Go through the records that follow and tally the lines with "aparelhos" in them; answer with the number alone.
BEGIN RECORDED DATA
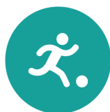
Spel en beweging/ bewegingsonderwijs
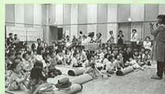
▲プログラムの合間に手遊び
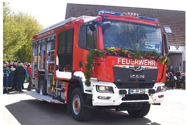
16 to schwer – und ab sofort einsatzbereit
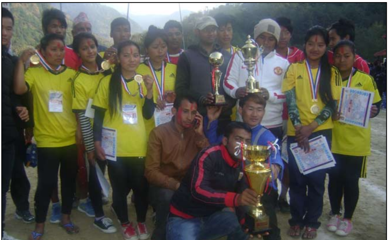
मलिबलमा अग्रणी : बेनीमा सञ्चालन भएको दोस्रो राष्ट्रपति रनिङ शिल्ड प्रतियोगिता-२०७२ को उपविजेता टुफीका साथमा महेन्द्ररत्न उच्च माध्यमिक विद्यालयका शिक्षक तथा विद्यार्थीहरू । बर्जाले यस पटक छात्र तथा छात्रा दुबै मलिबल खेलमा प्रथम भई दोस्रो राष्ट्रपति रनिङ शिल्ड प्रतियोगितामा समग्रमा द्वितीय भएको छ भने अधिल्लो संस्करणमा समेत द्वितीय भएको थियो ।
END RECORDED DATA
BEGIN RECORDED DATA
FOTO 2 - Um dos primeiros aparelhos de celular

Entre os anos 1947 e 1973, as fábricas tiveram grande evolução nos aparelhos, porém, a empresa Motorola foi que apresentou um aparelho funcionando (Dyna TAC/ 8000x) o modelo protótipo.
END RECORDED DATA
● **ANSWER BOX**: 2